Running pgvector on Amazon Aurora PostgreSQL-Compatible Edition offers a vector store with operational capabilities, high availability, and scalability. It is favored for Retrieval Augmented Generation (RAG) workloads transitioning to production, but increased traffic introduces challenges like query latency and memory management.
Key operational practices for pgvector workloads include selecting the appropriate index type (HNSW or IVFFlat), establishing a baseline schema, choosing a suitable distance operator, scaling the index through quantization and partitioning, and preparing for churn and observability.
The prerequisites for using pgvector include an Aurora PostgreSQL-Compatible cluster with specific PostgreSQL versions and the vector extension enabled. The embedding model used in examples is Amazon Titan Text Embeddings V2, which produces 1024-dimensional embeddings.
pgvector supports two Approximate Nearest Neighbor (ANN) index types: HNSW, which is efficient for querying and allows for incremental insertions, and IVFFlat, which is less resource-intensive but requires rebuilding if data changes. There are scenarios where forgoing an index is beneficial, such as small datasets or partitioned datasets requiring 100% recall.
A baseline schema for a multi-tenant document store includes creating a table for documents with an embedding vector and establishing indexes for tenant IDs and embeddings using HNSW. The recommended parameters for HNSW include m = 16 and ef_construction = 128.

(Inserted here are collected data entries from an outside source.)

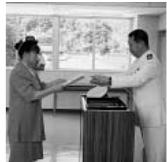
表彰を受ける修行さん

7月18日「海の日」に、比田勝海上保安署で、海上の安全を守る啓発活動や海洋環境を守る活動に貢献した方々の表彰が行われました。
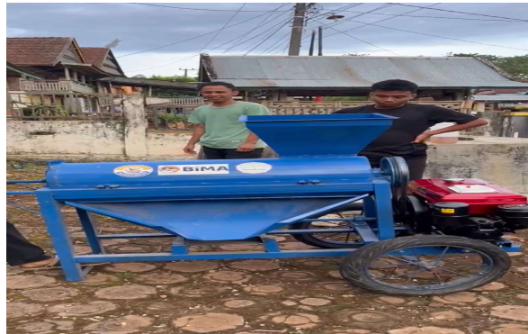
Gambar 4. Pelatihan Pengoperasian Mesin Pemipil Jagung

Setelah diberikan pelatihan penggunaan dan perawatannya, mitra mulai mampu mengoperasikan seluruh alat secara mandiri. Dampaknya, proses produksi yang sebelumnya memakan waktu lama kini menjadi lebih cepat, konsisten, dan higienis.
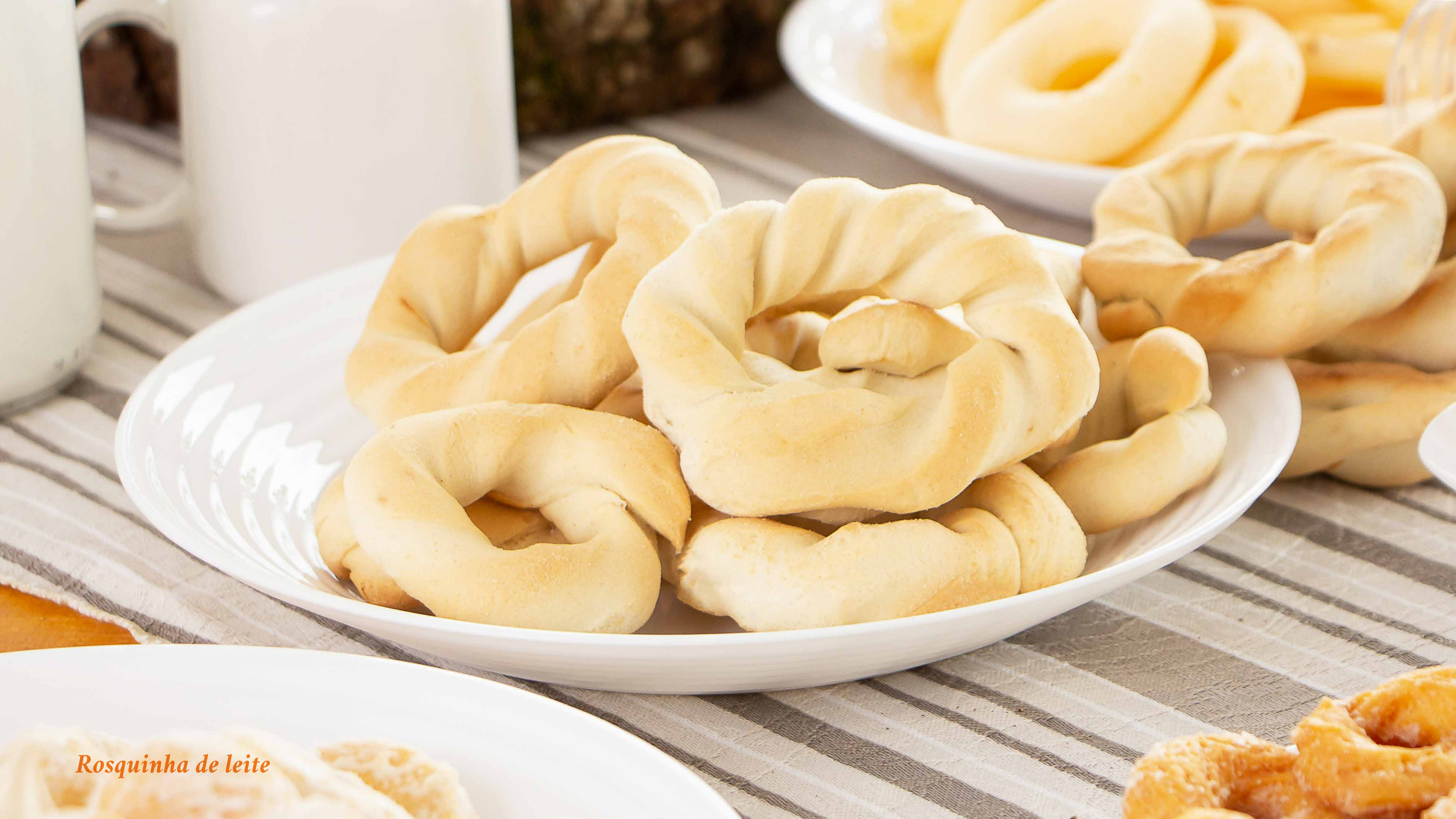
Rosquinha de leite

Scaling to millions of vectors involves quantization, tuning HNSW parameters, and partitioning. Aurora Optimized Reads can extend effective cache capacity, and managing index churn is crucial for maintaining performance. Observability metrics include query-level statistics, instance-level metrics, and custom application-defined metrics.
To clean up after testing, it is advisable to drop the created indexes and tables, and delete the Aurora PostgreSQL-Compatible cluster and any manual snapshots taken during testing.